Share

Supreme Court troubled by DA’s rejection of black jurors

But despite a sympathetic reception when the case finally reached the United States supreme court after 29 years, Foster’s appeal risked immediate collapse when chief justice John Roberts surprised court-watchers by questioning whether he had the power to order a retrial in the case.

Advertisement

“I think that the fact that there is such a laundry list suggests in and of itself that the court should…be suspect of the reasons”, Bright answered.

Mr. Foster’s case is of course more egregious and as Mr. Thompson puts it, it “offers a rare instance of extraordinary and well-documented misconduct”. Foster, a black man, was sentenced to death by an all-white jury.

“He broke her jaw, coated her face with talcum powder, sexually molested her with a salad dressing bottle, and strangled her to death, all before taking items from her home”, the Georgia brief states, deploying the kind of graphic detail often used by states defending a death sentence. Foster lived in government housing, and about 90 percent of his neighbors were black.

Or ponder a psychiatrist’s testimony on Foster’s behalf, who found he “was in the borderline range for intellectual disability” – with an IQ range between 58 and 80 his entire life. The jury rejected it and voted for death anyway.

At the time of the trial, Garrett was 34. In this case, he contended, as the notes would subsequently show, the black prospective jurors were singled out, intensely investigated, and compared to each other, instead of to the whole jury pool.

“This problem really persists throughout the country”.

Foster v. Chatman has been styled that way because that’s how advocates chip away at the death penalty these days – by showing how it’s unconstitutionally stacked against a few defendants and not others.

While myriad sharp questions suggested a split court, the most persistent hammering came from liberal-leaning justices who suggested prosecutors systematically and improperly excluded African-American jurors from the panel that convicted Timothy Tyrone Foster of murder in 1987. That case hasn’t yet arrived, even though there’s an open invitation to bring one to the table. On Monday, his lawyer will speak before the Supreme Court to fight for his life, pointing to endemic racism in US jury selection and the death penalty.

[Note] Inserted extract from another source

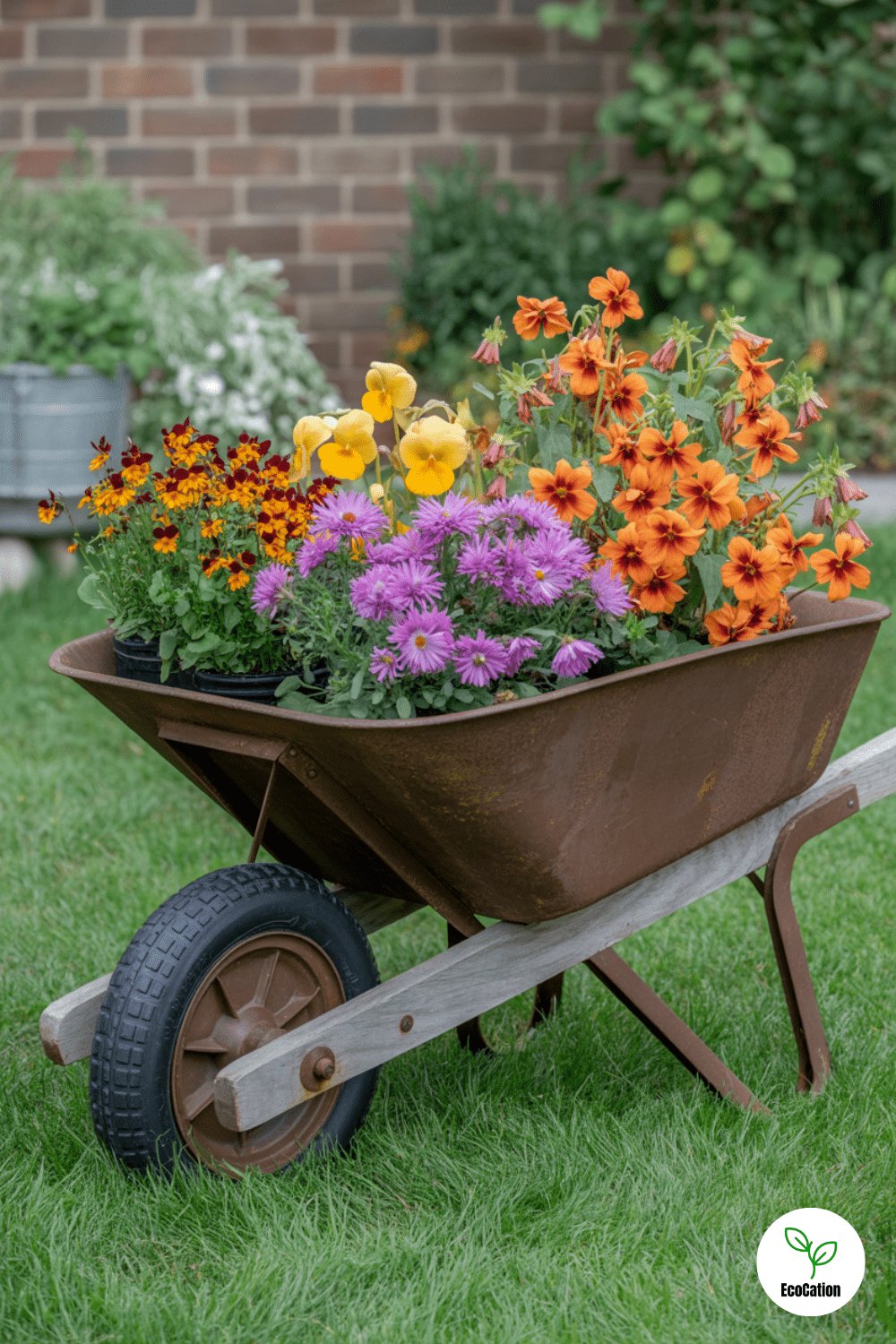 A rustic wheelbarrow overflowing with asters and pansies makes a whimsical garden focal point. It s easy to move around and perfect for seasonal displays. Line it with burlap before planting to hold the soil in place.

In the notes, the name of each potential black juror was highlighted.

The names of the four African-American potential jurors were marked with the letter “B” and highlighted in green. The video features then-Assistant District Attorney Jack McMahon advising trainees that “young black women are very bad, maybe because they’re downtrodden on two respects… they’re women and they’re blacks”. No black jurors sat in Foster’s trial.

Ninety-five potential jurors were initially called for Foster’s trial.

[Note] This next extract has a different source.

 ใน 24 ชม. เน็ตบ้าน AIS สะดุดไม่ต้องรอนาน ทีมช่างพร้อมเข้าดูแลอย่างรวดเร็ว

“The evidence of racial motive by the prosecution in this racially charged capital case is extensive and undeniable”, Bright told the justices in court papers.

In asking the state’s lawyer, Deputy Attorney General Beth Burton, about the merits of the case, Justice Elena Kagan bluntly said at one point: “I’m just going to ask, isn’t this as clear a Batson violation as the court is going to see?”

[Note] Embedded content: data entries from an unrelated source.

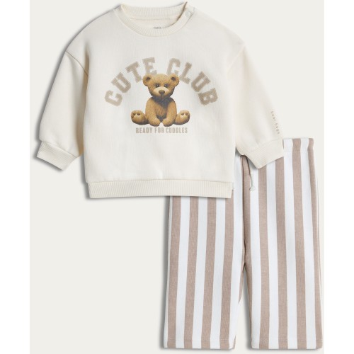2-Piece Cotton Rich Bear Sweatshirt and Joggers Set in Neutral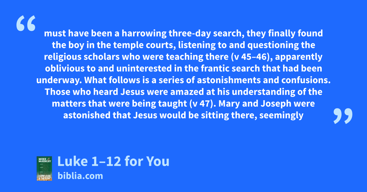 must have been a harrowing three-day search, they finally found the boy in the temple courts, listening to and questioning the religious scholars who were teaching there (v 45–46), apparently oblivious to and uninterested in the frantic search that had been underway. What follows is a series of astonishments and confusions. Those who heard Jesus were amazed at his understanding of the matters that were being taught (v 47). Mary and Joseph were astonished that Jesus would be sitting there, seemingly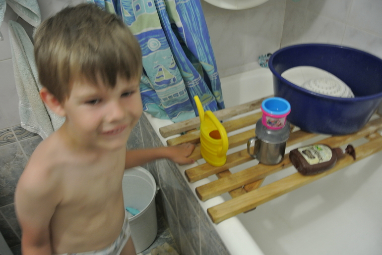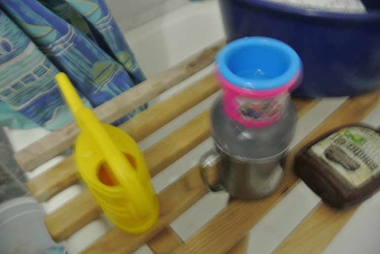 Сашуля мастерил в ванной: наполняя формочки водой - наполнялась и нижняя часть конструкции - мерный стаканчик для жидкого порошка

If it is directed to the trial court, a further procedural issue was raised about whether the trial court’s rejection of Foster’s claim was made on an independent state law ground that the question of the race discrimination claim had already been heard.

ASSOCIATED PRESS Timothy T. Foster has been on Georgia’s death row for nearly three decades.

Breyer claimed “any reasonable person looking at this” would agree that prosecutors were looking to “discriminate on the basis of race” when they removed all the black candidates from the jury. In another case, Purkett v. Elem, the Court’s majority declared in 1995 that a prosecutor’s reason for removing a potential juror of color need not be “a reason that makes sense” so long as that reason “does not deny equal protection”. “The documentary and testimonial evidence of former Cumberland County prosecutors showed that race was a critical part of their jury selection strategy”, Weeks said. Their occupation. Church affiliation. All of those, if believed by a judge, are perfectly permissible – even if in the prosecutor’s heart of hearts they’re no more than bullshit.

Advertisement

But the other side is also prone to bullshit. She argued in the aftermath of Batson, prosecutors did not know what the new legal landscape would be so prosecutors wrote down everything they could to justify their strikes because they knew a Batson challenge would be coming.